* **Work required**: The full set of entries is to be printed exactly, with pictures excluded.

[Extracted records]
------------------------------
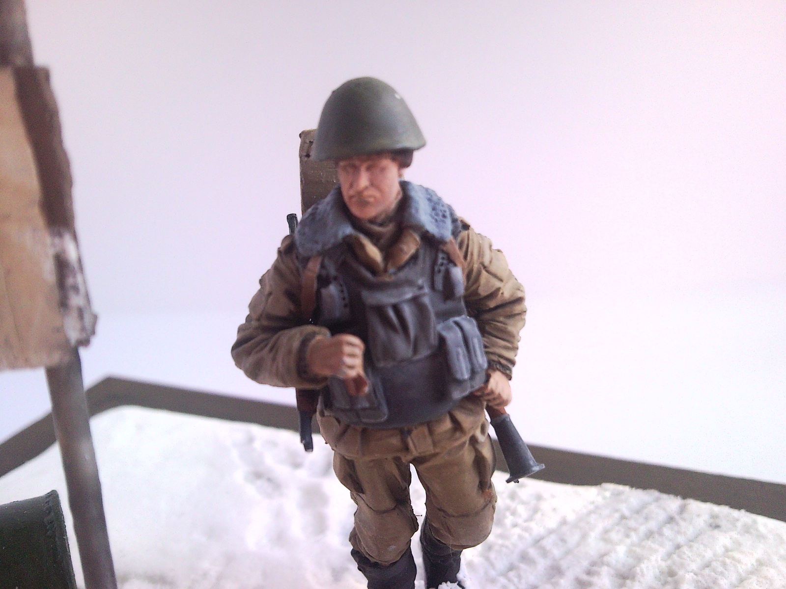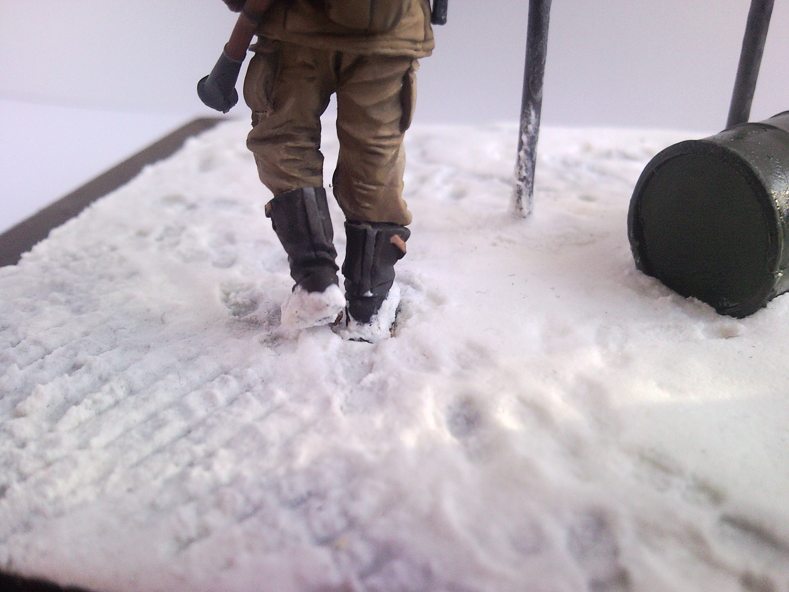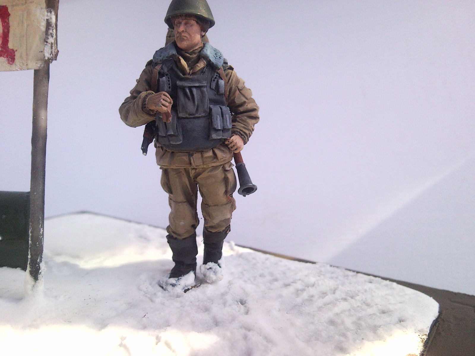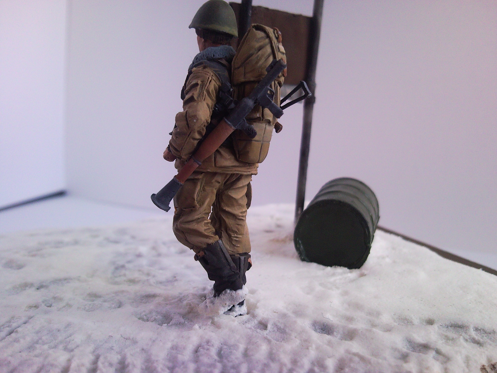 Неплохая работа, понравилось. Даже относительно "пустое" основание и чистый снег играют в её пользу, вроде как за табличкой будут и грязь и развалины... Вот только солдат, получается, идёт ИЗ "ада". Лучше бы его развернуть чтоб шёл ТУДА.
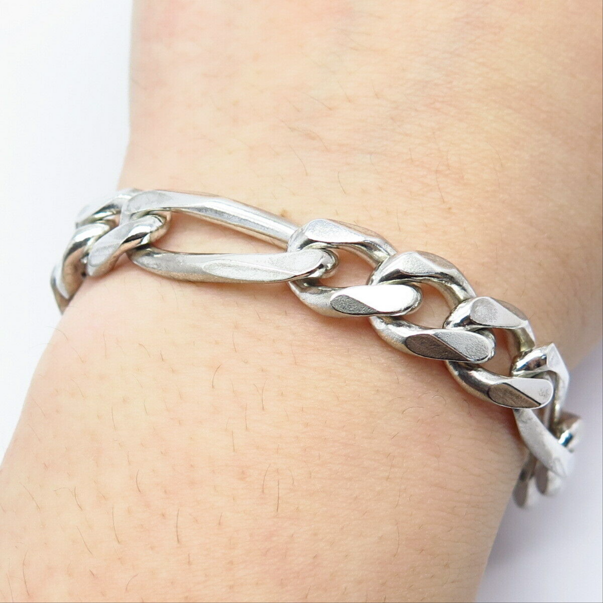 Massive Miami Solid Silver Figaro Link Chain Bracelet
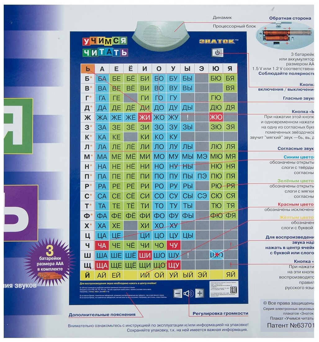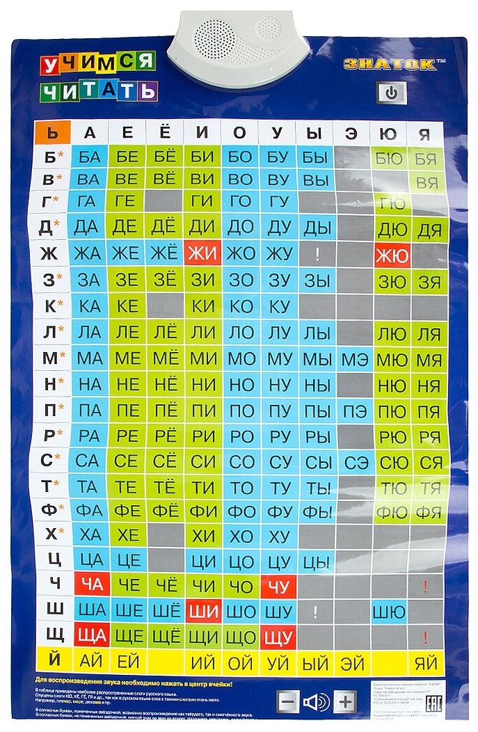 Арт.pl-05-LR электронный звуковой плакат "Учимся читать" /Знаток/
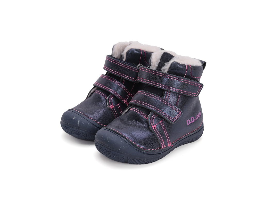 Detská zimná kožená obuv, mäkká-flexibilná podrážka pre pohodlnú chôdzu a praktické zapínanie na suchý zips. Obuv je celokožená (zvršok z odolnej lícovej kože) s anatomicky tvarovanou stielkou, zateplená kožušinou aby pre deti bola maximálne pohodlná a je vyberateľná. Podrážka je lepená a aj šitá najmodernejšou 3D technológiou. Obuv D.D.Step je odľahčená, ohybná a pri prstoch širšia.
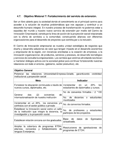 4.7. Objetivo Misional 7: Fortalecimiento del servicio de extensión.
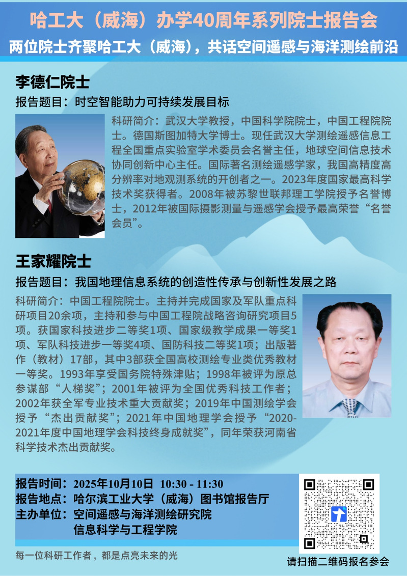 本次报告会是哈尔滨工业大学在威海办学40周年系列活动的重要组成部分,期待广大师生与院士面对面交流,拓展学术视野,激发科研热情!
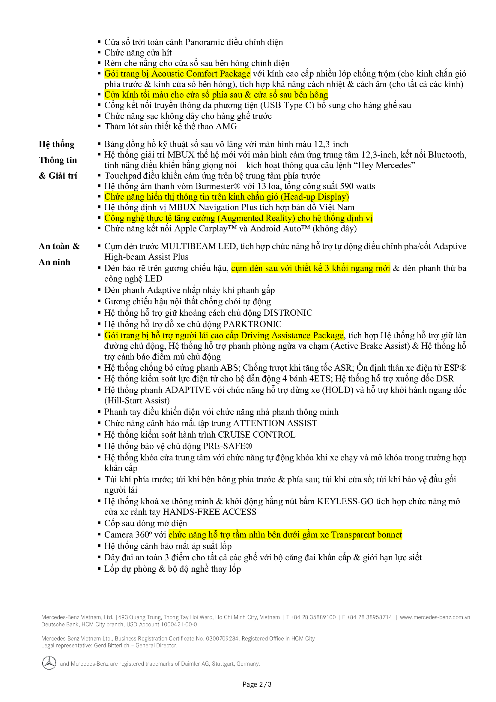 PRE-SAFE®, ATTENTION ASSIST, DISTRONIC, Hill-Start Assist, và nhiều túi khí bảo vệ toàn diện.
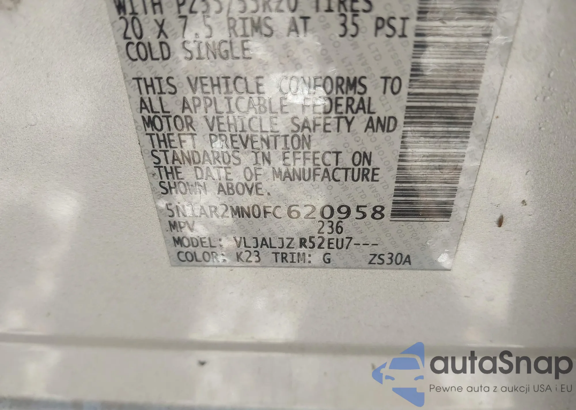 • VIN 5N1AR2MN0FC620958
------------------------------
* **Problem solution**:
 Неплохая работа, понравилось. Даже относительно "пустое" основание и чистый снег играют в её пользу, вроде как за табличкой будут и грязь и развалины... Вот только солдат, получается, идёт ИЗ "ада". Лучше бы его развернуть чтоб шёл ТУДА.
 Massive Miami Solid Silver Figaro Link Chain Bracelet
 Арт.pl-05-LR электронный звуковой плакат "Учимся читать" /Знаток/
 Detská zimná kožená obuv, mäkká-flexibilná podrážka pre pohodlnú chôdzu a praktické zapínanie na suchý zips. Obuv je celokožená (zvršok z odolnej lícovej kože) s anatomicky tvarovanou stielkou, zateplená kožušinou aby pre deti bola maximálne pohodlná a je vyberateľná. Podrážka je lepená a aj šitá najmodernejšou 3D technológiou. Obuv D.D.Step je odľahčená, ohybná a pri prstoch širšia.
 4.7. Objetivo Misional 7: Fortalecimiento del servicio de extensión.
 本次报告会是哈尔滨工业大学在威海办学40周年系列活动的重要组成部分,期待广大师生与院士面对面交流,拓展学术视野,激发科研热情!
 PRE-SAFE®, ATTENTION ASSIST, DISTRONIC, Hill-Start Assist, và nhiều túi khí bảo vệ toàn diện.
 • VIN 5N1AR2MN0FC620958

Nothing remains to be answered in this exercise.